All that belongs in the answer is the lines from the one containing "Nhiệm vụ: Em" to the end of the listing below, copied exactly, pictures excluded.

*Exercise data:*

########

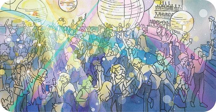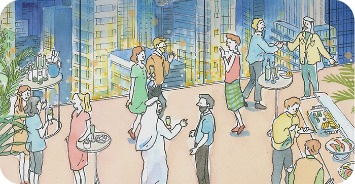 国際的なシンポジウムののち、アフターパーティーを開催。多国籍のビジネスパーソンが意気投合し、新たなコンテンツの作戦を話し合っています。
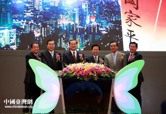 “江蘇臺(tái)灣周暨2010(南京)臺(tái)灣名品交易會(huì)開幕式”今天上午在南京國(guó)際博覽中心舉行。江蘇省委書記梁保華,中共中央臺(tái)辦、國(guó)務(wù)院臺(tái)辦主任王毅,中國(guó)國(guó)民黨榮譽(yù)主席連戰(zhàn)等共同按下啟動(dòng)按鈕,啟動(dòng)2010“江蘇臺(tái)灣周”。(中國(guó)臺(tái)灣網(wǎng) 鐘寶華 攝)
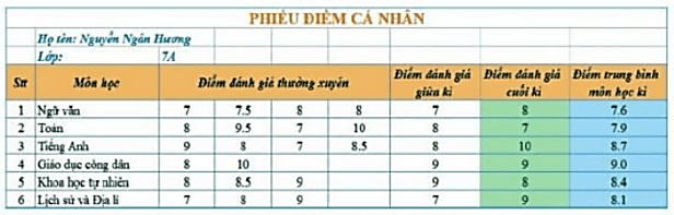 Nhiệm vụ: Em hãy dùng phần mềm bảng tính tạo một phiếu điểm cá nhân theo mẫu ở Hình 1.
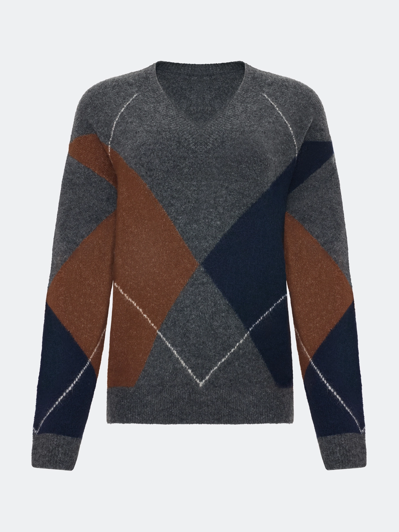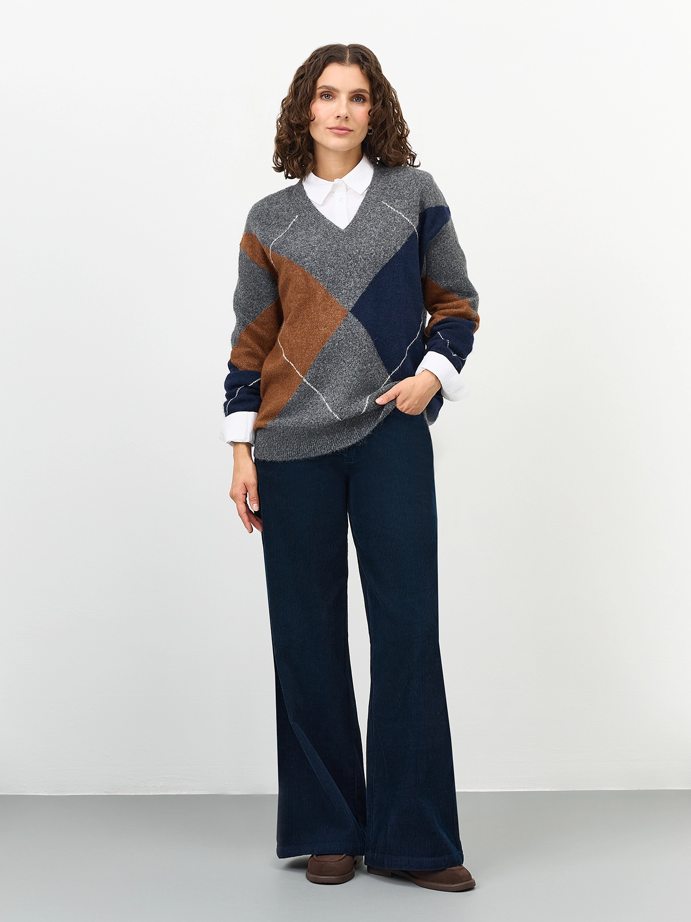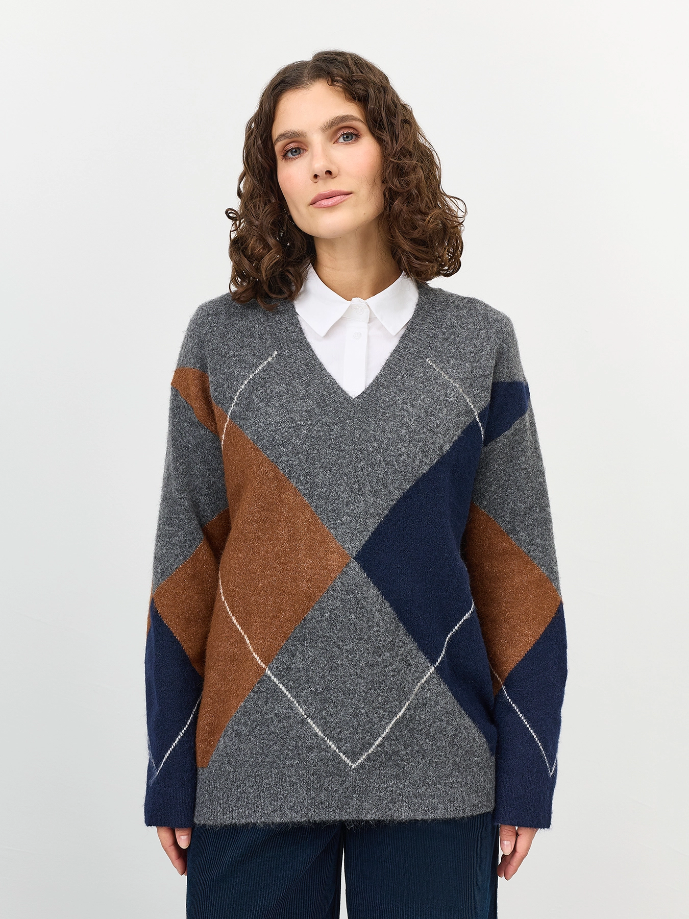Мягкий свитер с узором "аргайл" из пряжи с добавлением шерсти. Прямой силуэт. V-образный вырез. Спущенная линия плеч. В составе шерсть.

########

*Result of the task:*
 Nhiệm vụ: Em hãy dùng phần mềm bảng tính tạo một phiếu điểm cá nhân theo mẫu ở Hình 1.
Мягкий свитер с узором "аргайл" из пряжи с добавлением шерсти. Прямой силуэт. V-образный вырез. Спущенная линия плеч. В составе шерсть.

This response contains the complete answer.